MOISSONS : Tu ne moissonneras jamais toute la surface de tes champs. Tu laisseras un coin où les pauvres pourront venir faucher.

ANNEE SHABBATIQUE : Chaque 50ème année, on remettra les dettes pour que chaque famille ne soit pas enlisée à jamais dans la misère.

CRIS DES PROPHETES : cette législation n’est hélas pas observée si bien que le fossé s’élargit entre riches et pauvres. Au nom de Dieu, les prophètes hurlent.

AMOS (-8ème siècle – 1ère lecture de ce dimanche) : « Ecoutez vous qui écrasez le pauvre, qui faussez vos balances, augmentez vos prix. Le Seigneur le jure : « Jamais je n’oublierai aucun de vos méfaits !…Je méprise vos pèlerinages, rien ne me plaît dans vos offrandes. Fais taire le brouhaha de tes cantiques.
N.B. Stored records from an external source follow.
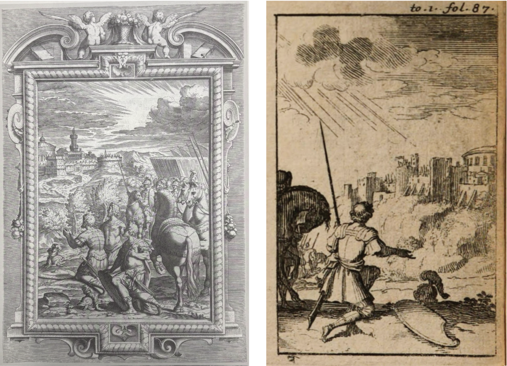 L’eliminazione o la semplificazione della scena in secondo piano proposta dal modello del Castello da parte dell’illustratore francese comporta un’altra conseguenza. Nelle figure di Castello, sin dalla redazione ‘A’ (Osanna 1584; Bartoli 1590), Gerusalemme rivestiva un ruolo centrale e nell’edizione in folio Pavoni 1617: la rappresentazione della città era ben definita. E sebbene il più delle volte sia conservato il particolare di un imponente edificio circolare coperto da una cupola, in cui forse Castello aveva sintetizzato il gran Sepolcro e il Tempio di Salomone (Benassi 2017), la perizia architettonica di Leclerc non emerge quasi mai nell’operazione editoriale di Elsevier-Jolly, non solo nella Liberata ma anche nelle altre opere, tanto per il ristretto formato quanto per il registro meno elevato che il formato ristretto finiva per imporre.
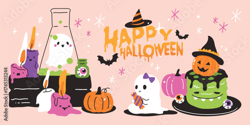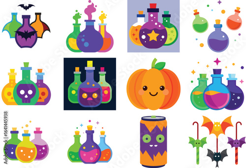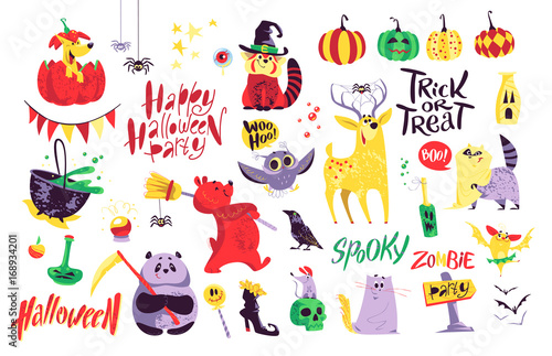 Vector set of halloween party photo booth props and masks. Halloween stickers. Icons set illustration. Pumpkin, hats, monster, skull, holiday costume elements.
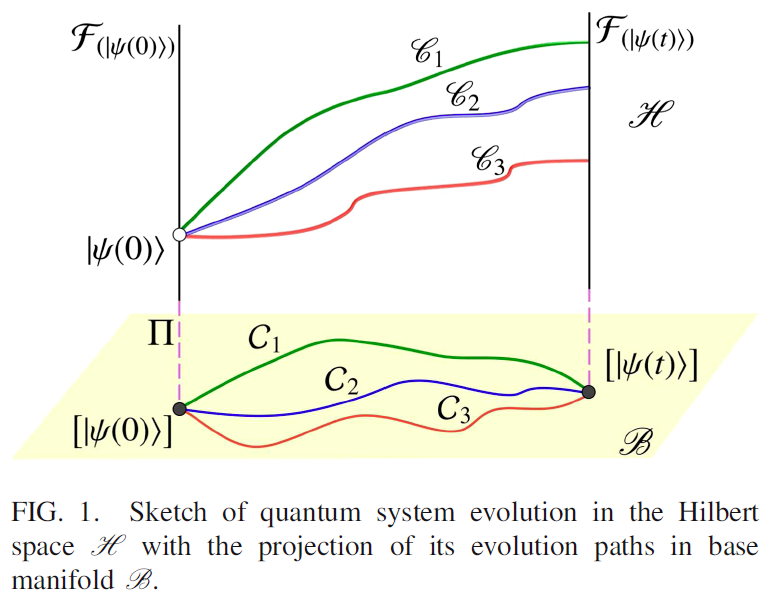 量子体系在希尔伯特空间H 中的演化及其在底流形B 中的投影示意图。
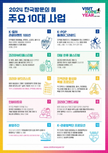 문화체육관광부(장관 유인촌, 이하 문체부)는 한국관광공사(사장직무대리 서영충, 이하 관광공사), (재)한국방문의해위원회(위원장 이부진, 이하 방문위)와 함께 ‘2024 한국방문의 해’ 주요 10대 사업을 통해 색다른 케이-컬처를 체험하고 지역에서 즐기는 한국 관광을 선보인다.
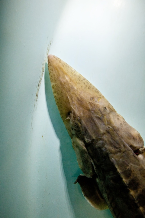 Pallid sturgeon have a flattened shovel-shaped snout; a long, slender, and completely armored caudal peduncle (the tapered portion of the body which terminates at the tail); and lack a spiracle (small openings found on each side of the head) (Forbes and Richardson 1905).
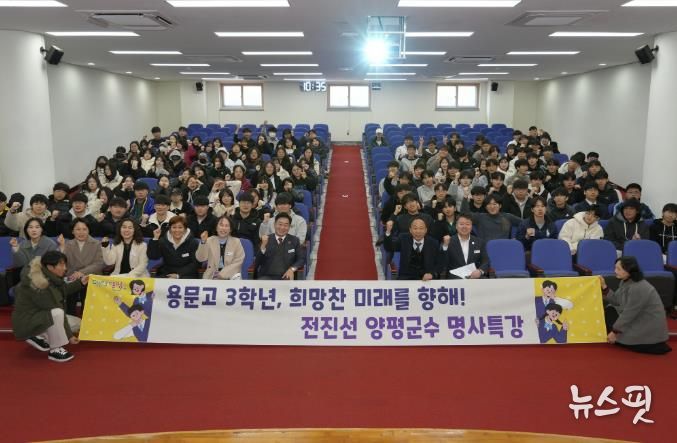 (뉴스핏 = 김호 기자) 전진선 양평군수는 지난 19일 용문고등학교 소강당에서 3학년 학생 140여 명을 대상으로 ‘큰 꿈을 향한 준비가 미래를 여는 힘’을 주제로 명사 특강을 진행했다.
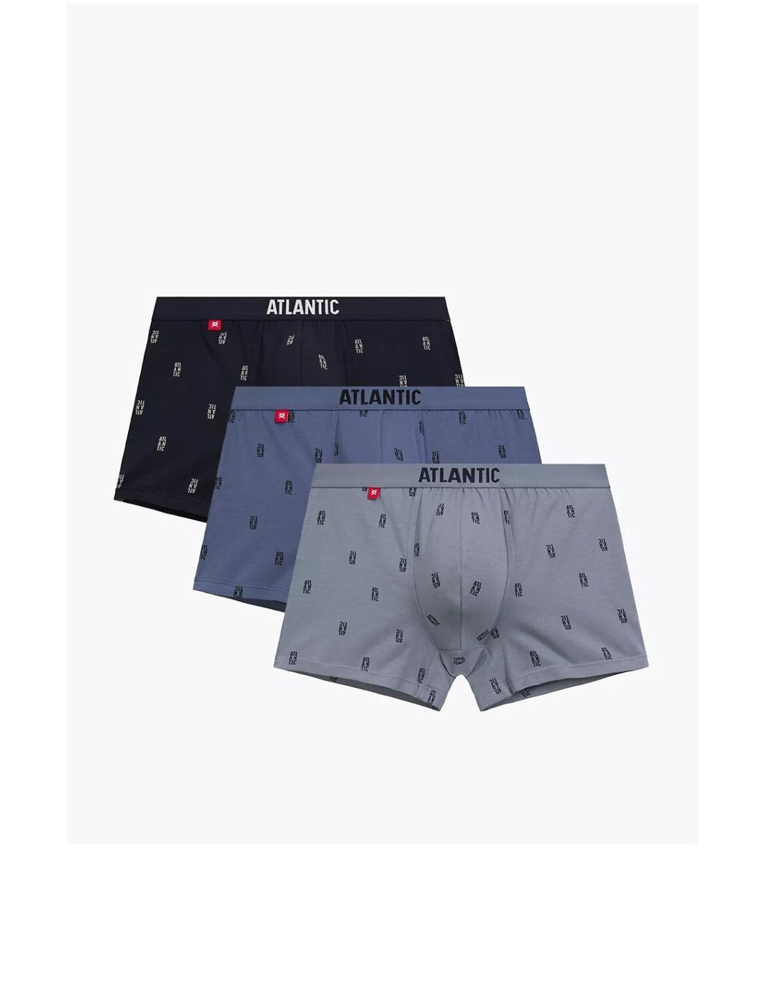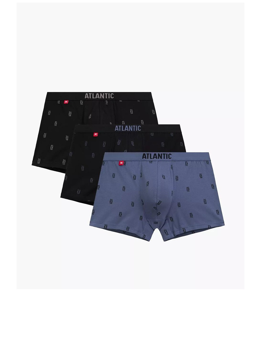 Bokserki męskie -przyjemna w dotyku dzianina -sportowy krój - wzór z napisami ATLANTIC - w pasie szeroka guma z logo marki -universalna długość nogawek - pakowane w pudełko po trzy pary

Mais que le droit jaillisse comme les eaux, et la justice comme un torrent intarissable »

ISAÎE : « Que me fait la multitude de vos sacrifices ? dit le Seigneur. Je déteste vos solennités. Vous avez beau multiplier les prières, je n’écoute pas car vos mains sont pleines de sang. Cessez de faire le mal, apprenez à faire le bien, recherchez la justice, faites droit aux pauvres ! J’attendais la justice et j’entends le cri des malheureux ! »
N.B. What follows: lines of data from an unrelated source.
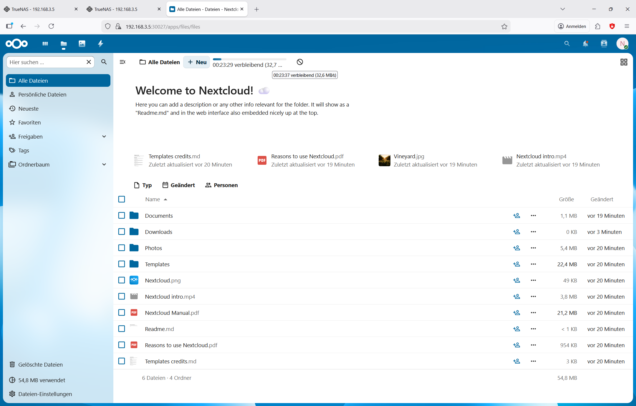 Der Beelink ME Pro wird mit einer vorinstallierten Marken-SSD von Western Digital und aktiviertem Windows 11 geliefert. Die Einrichtung verlief allerdings nicht so reibungslos wie gewohnt. Bei der Onlineeinrichtung hat sich die Installation ständig aufgehängt und konnte nur durch eine Offlineinstallation fortgesetzt werden. Danach lief alles problemlos. Alle Treiber waren installiert und Updates konnten schnell installiert werden. Da Windows für echte NAS-Lover allerdings unattraktiv ist, habe ich nach einigen Benchmarks das System neu aufgesetzt, TrueNAS installiert und die Performance von Nextcloud exemplarisch getestet. Hier lassen sich eine Vielzahl lokaler Applikationen hinzufügen, wie Sortierungen, KI-Funktionen und vieles mehr.
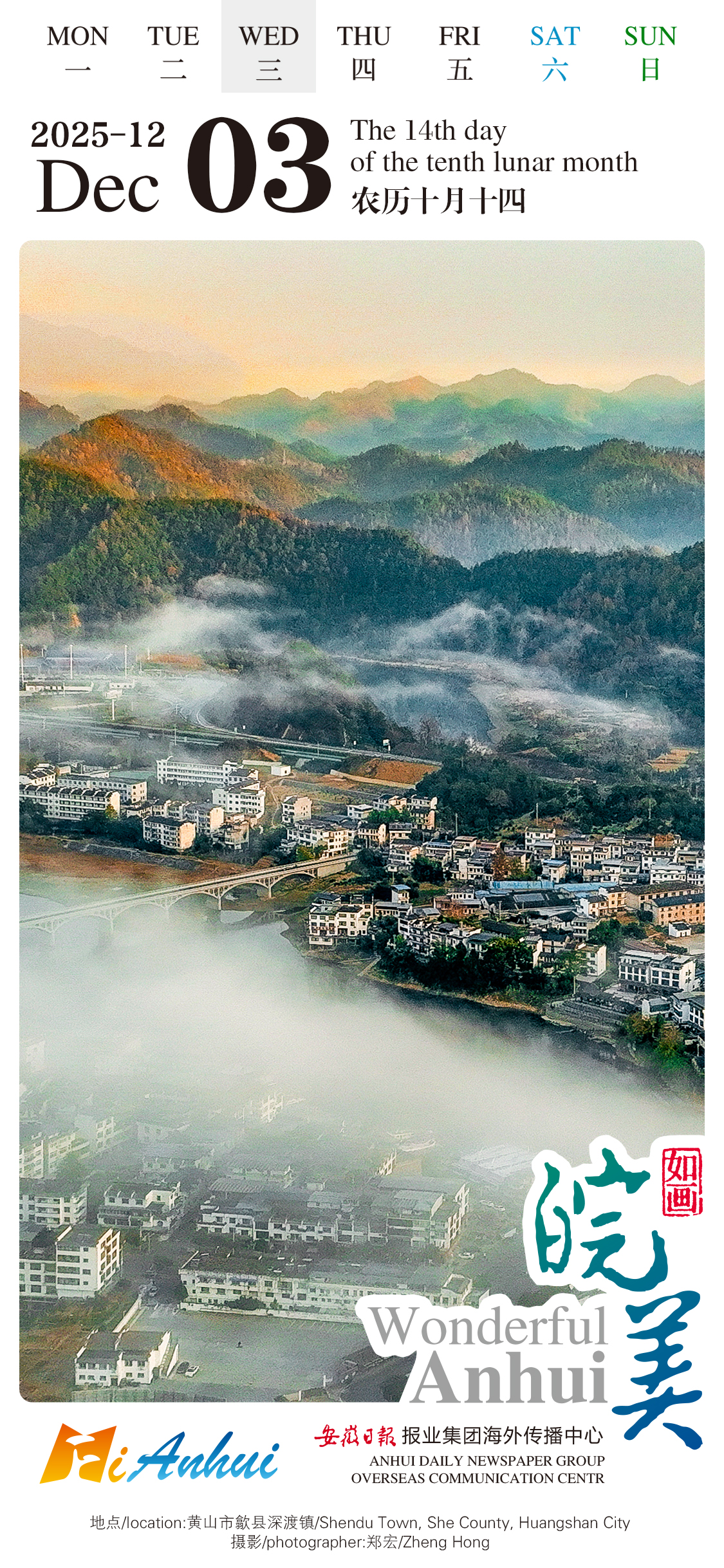 As for today’s "Wonderful Anhui" English calendar, let’s appreciate the beautiful scenery of Shendu Town, Shexian County, Huangshan City, Anhui. Immerse yourself in the breathtaking views of Xin'an river landscape gallery in the mist-veiled town here!
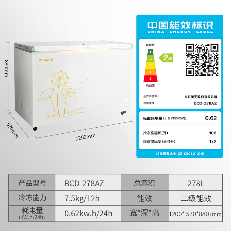 MeiLing BCD-278AZ freezer double temperature horizontal household commercial large capacity freezer

2ème LETTRE A TIMOTHEE : Nous n’avons rien apporté dans le monde et nous n’en pouvons rien emporter. Si donc nous avons nourriture et vêtement, nous nous en contenterons. Quant à ceux qui veulent s’enrichir, ils tombent dans le piège de la tentation, dans de multiples désirs pernicieux…La racine de tous les maux, en effet, c’est l’amour de l’argent. Pour s’y être livrés, certains se sont égarés loin de la foi. »

1ère LETTRE DE JEAN : « Jésus a donné sa vie pour nous : donc nous devons nous aussi donner notre vie pour nos frères. Si quelqu’un possède les biens de ce monde et voit son frère dans le besoin et qu’il se ferme à toute compassion, comment l’amour de Dieu demeurerait-il en lui ? Mes petits enfants, n’aimons pas en paroles mais en actes et dans la vérité »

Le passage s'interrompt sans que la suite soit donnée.